By Holly McGuinness
The federal government introduced legislation in Parliament last month that will ensure that any working person escaping family and domestic violence will have access to 10 paid days of domestic violence leave.
Dale Wakefield, chief executive of women’s health centre and family violence support organisation GenWest, said 10 days of paid leave for victim survivors escaping family violence is a positive step towards supporting their safety and wellbeing.
“Victim survivors are more likely to be able to leave a violent relationship when they are financially secure. Poverty and financial hardship affects many victim survivors who are escaping family violence,” he said.
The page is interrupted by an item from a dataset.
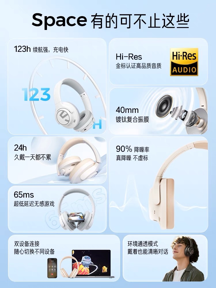 除了知名度高一點的漫步者、IKF以外,泥炭SoundPEATS家的泥炭SPACE耳機引起了我的注意——不爲別的,只爲券後170元的極致性價比,以及日用黨最直觀的一點:帥。尤其是我相中的黑金配色,可以說是縱享絲滑。

“Leave that supports victim survivors to stay in paid employment can be a key factor in supporting them to live safe lives, free from violence.”
But he would also like to see further changes made across the sector to provide better protection to victims.
“Family violence is the single biggest cause of homelessness in Victoria,” Mr Wakefield said.
“We also need the federal government to increase the amount of secure and affordable accommodation options to ensure that victim survivors have a safe place to call home.”
The legislation would mean an amendment to the National Employment Standards and be a mandatory inclusion for full-time, part-time and casual workers, with hopes it will be rolled out as early as February 2023, however small businesses will have an additional six months to arrange implementation.
National counselling support organisation Full Stop Australia has also welcomed the legislation.
Chief executive Hayley Foster said escaping from a domestic violence situation is a huge ordeal.
“It often involves health, housing and legal appointments, as well as court appearances, all of which are only available during business hours,” she said.
“A survivor of domestic abuse shouldn’t have to choose between escaping violence and losing their job.”